GAFCON IV, a conference of “1,302 delegates from 52 countries, including 315 bishops, 456 other clergy and 531 laity” adopted a “Commitment” statement supported byu the GSFA (the Global South Fellowship of Anglican Churches). This “Committment” proposes to renounce the role of the Archbishop of Canterbury as “an instrument of unity,”  and to “reset” the Anglican Communion. 

The writers: The drafting committee for the Kilgali Statement consists of ten people, six of whom are from the west/ north (Australian, UK, Irish or US)  and white. Three are African (Nigeria and Uganda) and one from South America.  One was a woman. For an organization touting itself to be speaking the majority of the world’s anglicans, this seems an odd way to show it.  We are assured by the press release about the Kilgali Statement (https://anglican.ink/2023/04/21/kigali-gafcon-closing-press-statement/ ) that everyone at the conference was asked for feedback. 

I doubt it. It smacks of the same leadership and agendas of the discontented west and north that has driven much of the effort to halt the move to inclusion of women and gay people in the sacramental ministries of the church. GAFCON has been hustled once again by discontent in the west and north.

The Statement:

Here is what the “Kigali Commitment” says:

“We were delighted to be joined in Kigali by leaders of the Global South Fellowship of Anglican Churches (GSFA) and to host a combined Gafcon-GSFA Primates meeting. Together, these Primates represent the overwhelming majority (estimated at 85%) of Anglicans worldwide.

The leadership of both groups affirmed and celebrated their complementary roles in the Anglican Communion. Gafcon is a movement focused on evangelism and mission, church planting and providing support and a home for faithful Anglicans who are pressured by or alienated from revisionist dioceses and provinces. GSFA, on the other hand, is focused on establishing doctrinally based structures within the Communion. 

We rejoice in the united commitment of both groups on three fundamentals: the lordship of Jesus Christ; the authority and clarity of the Word of God; and the priority of the church’s mission to the world. We acknowledge their agreement that ‘communion’ between churches and Christians must be based on doctrine (Jerusalem Declaration #13; GSFA Covenant 2.1.6). Anglican identity is defined by this and not by recognition from the See of Canterbury.

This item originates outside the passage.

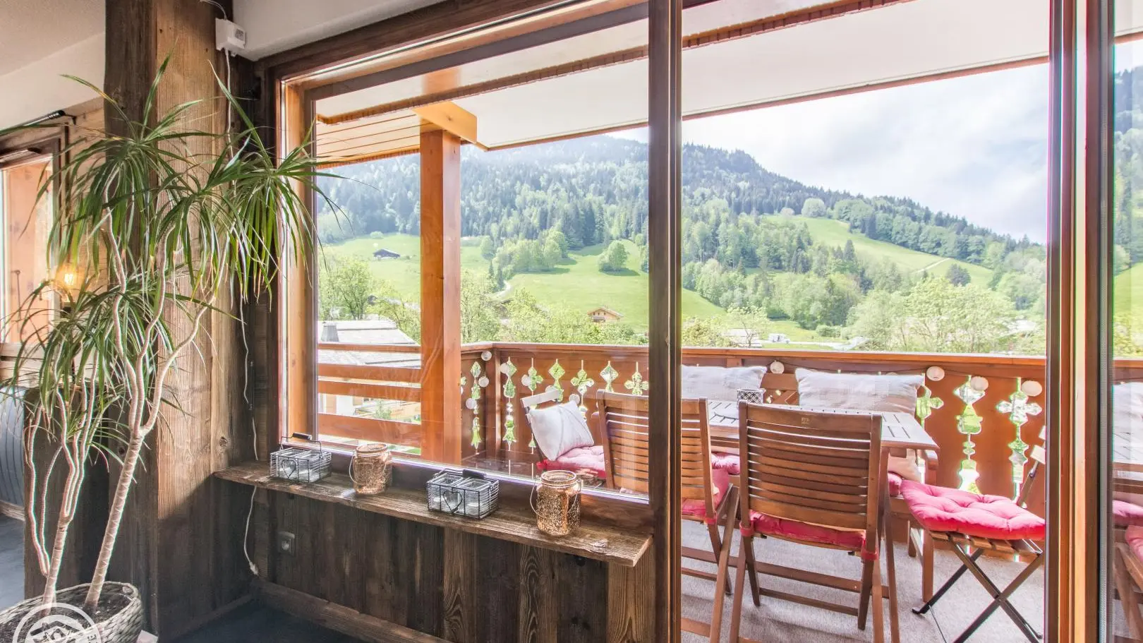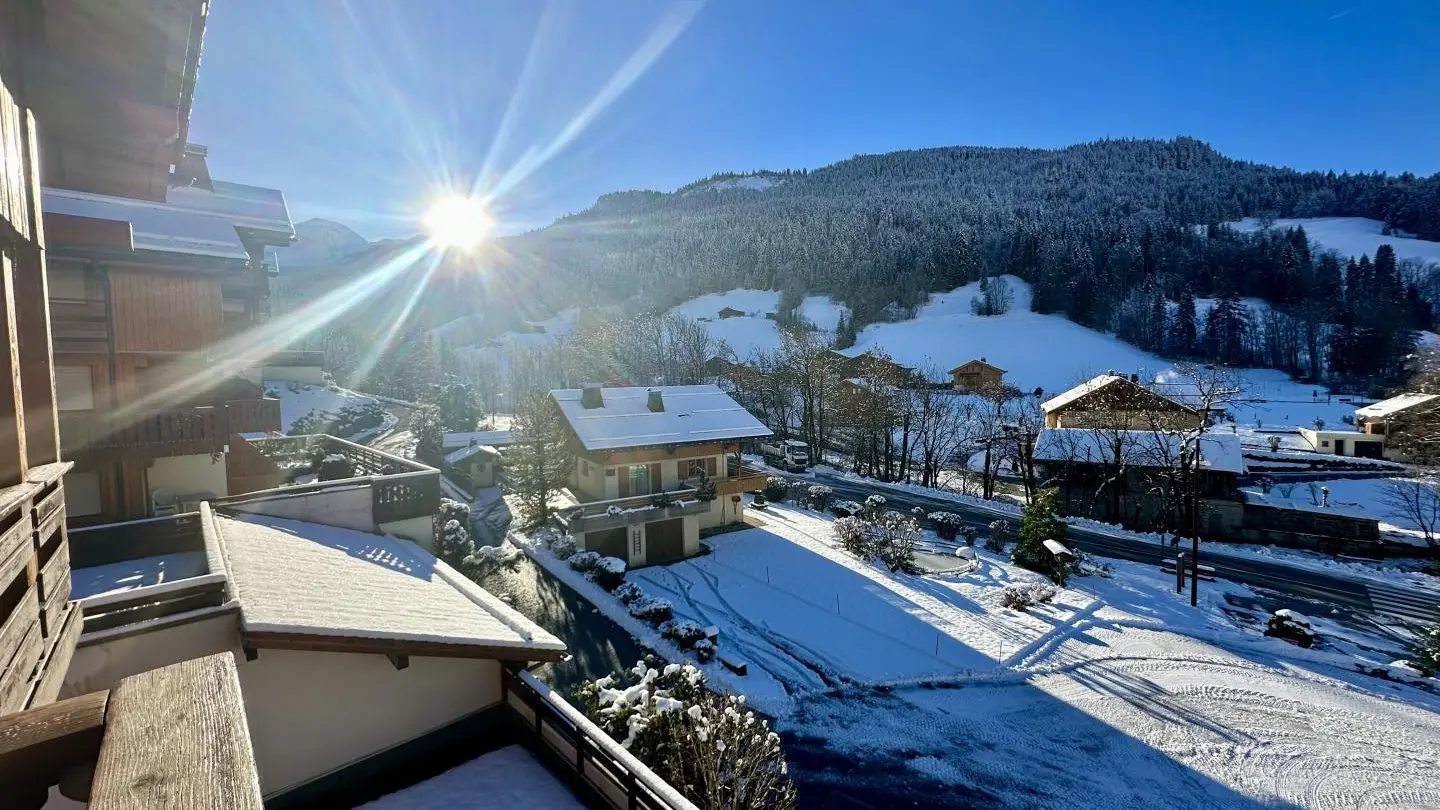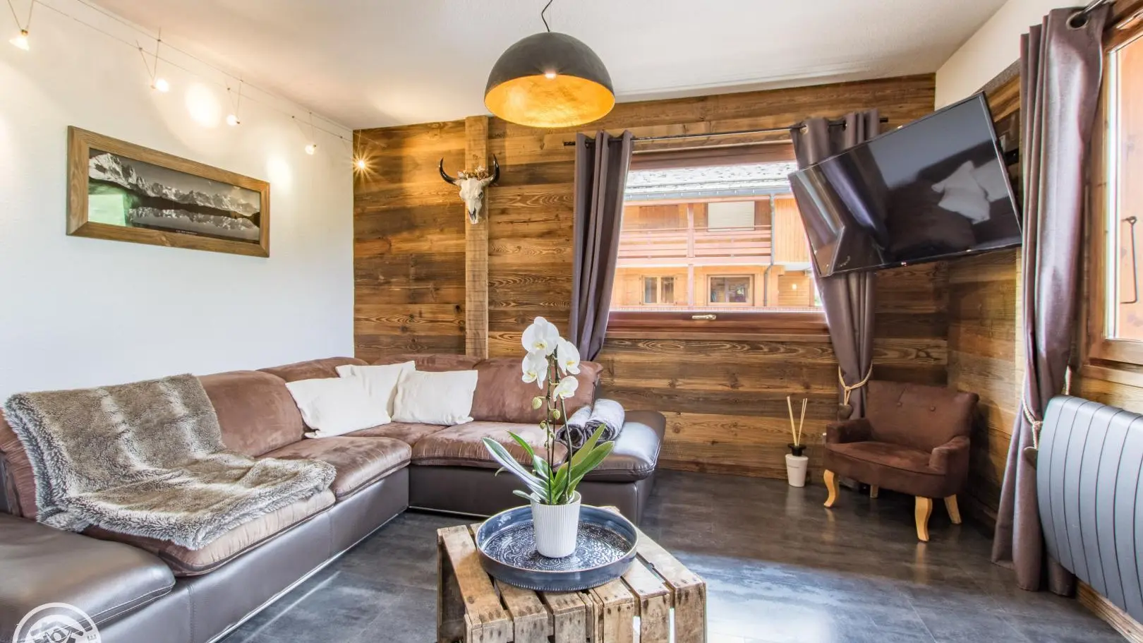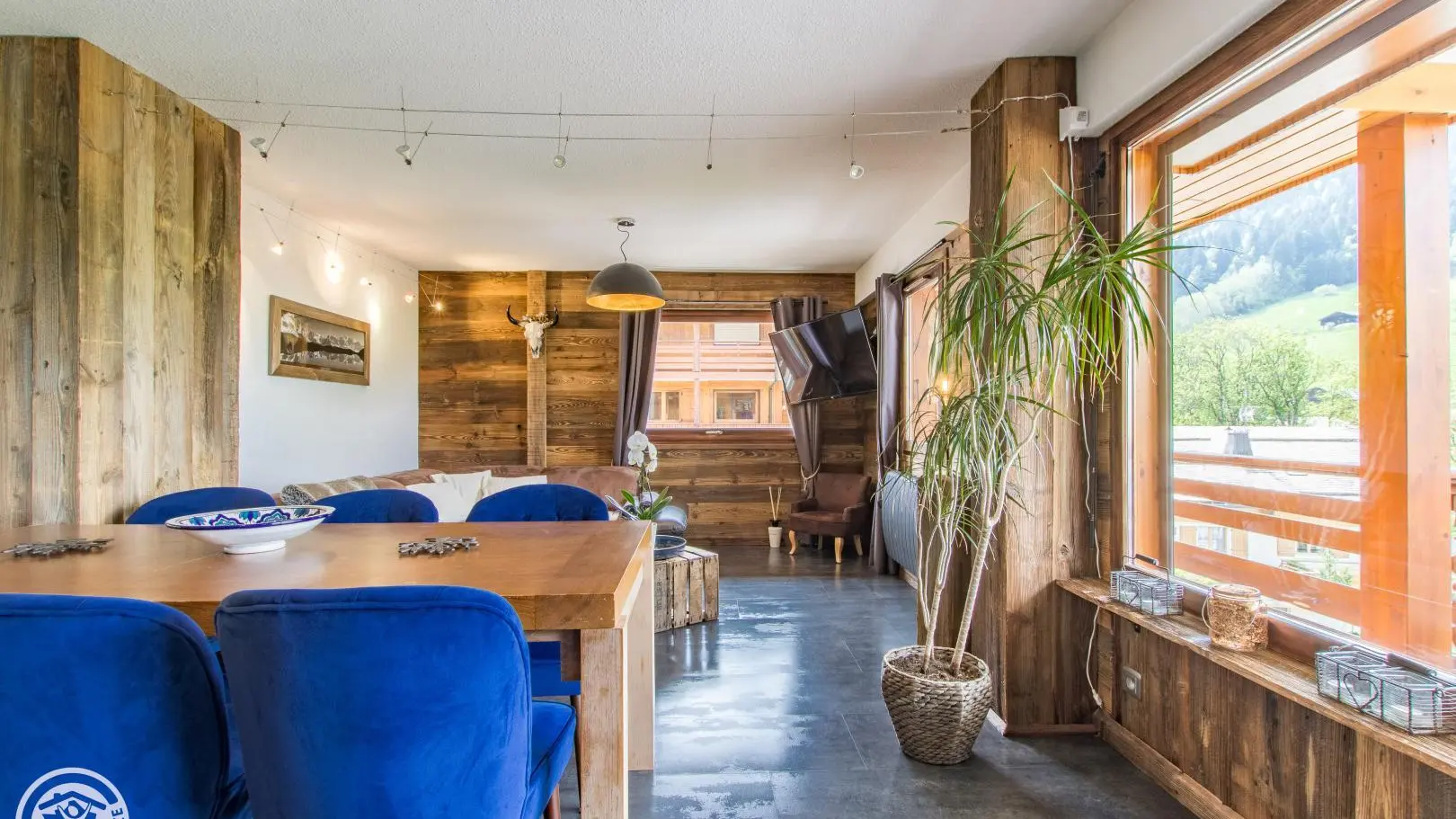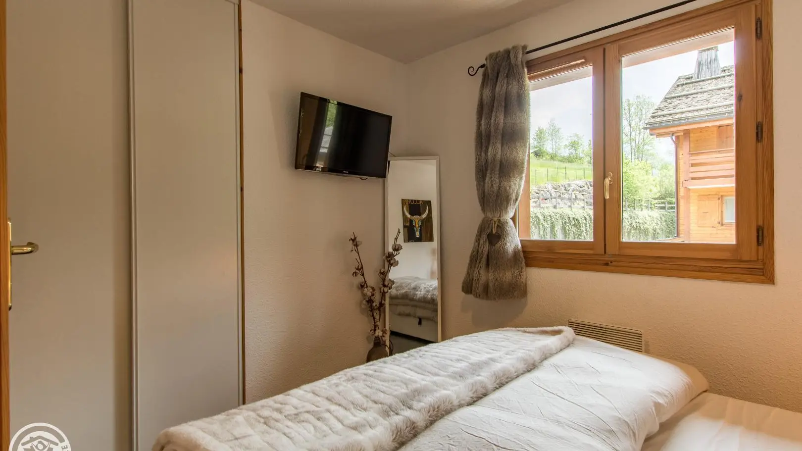 Entrance hall, equipped kitchen open to the bright living room (dining table, corner sofa, television), access to the large balcony offering a magnificent view of the mountains and the village of Grand-Bornand.

Both GSFA and Gafcon Primates share the view that, due to the departures from orthodoxy articulated above, they can no longer recognise the Archbishop of Canterbury as an Instrument of Communion, the ‘first among equals’ of the Primates. The Church of England has chosen to impair her relationship with the orthodox provinces in the Communion. 

We welcome the GSFA’s Ash Wednesday Statement of 20 February 2023, calling for a resetting and reordering of the Communion. We applaud the invitation of the GSFA Primates to collaborate with Gafcon and other orthodox Anglican groupings to work out the shape and nature of our common life together and how we are to maintain the priority of proclaiming the gospel and making disciples of all nations.

Resetting the Communion is an urgent matter.  It needs an adequate and robust foundation that addresses the legal and constitutional complexities in various Provinces. The goal is that orthodox Anglicans worldwide will have a clear identity, a global ‘spiritual home’ of which they can be proud, and a strong leadership structure that gives them stability and direction as Global Anglicans. We therefore commit to pray that God will guide this process of resetting, and that Gafcon and GSFA will keep in step with the Spirit.”


So there it is. Gafcon and GSFA are no longer in communion with the Archbishop of Canterbury and therefore the Church of England.

The intemperate, angry and devious letter from the GAFCON/ GSFA meeting seems to seal the deal. A  number of churches formerly in the Anglican Communion are not playing nicely any more. They have formally stated that “they can no longer recognise the Archbishop of Canterbury as an Instrument of Communion, the ‘first among equals’ of the Primates.”  

Given that several of these churches have also refused to attend the Lambeth Conference and meetings of the Primates, and a number of these churches are not recognized as churches in the communion anyway, and are therefore not part of the Anglican Consultative Council, it would appear that these churches are backing away from any of the instruments of communion.

There is no possibility for them, if they have so distanced themselves from the “instruments of Communion” to change the structures of the Anglican Communion from within.  The “resetting” that they propose is not a resetting at all. That would be an interior matter for the councils of the Communion.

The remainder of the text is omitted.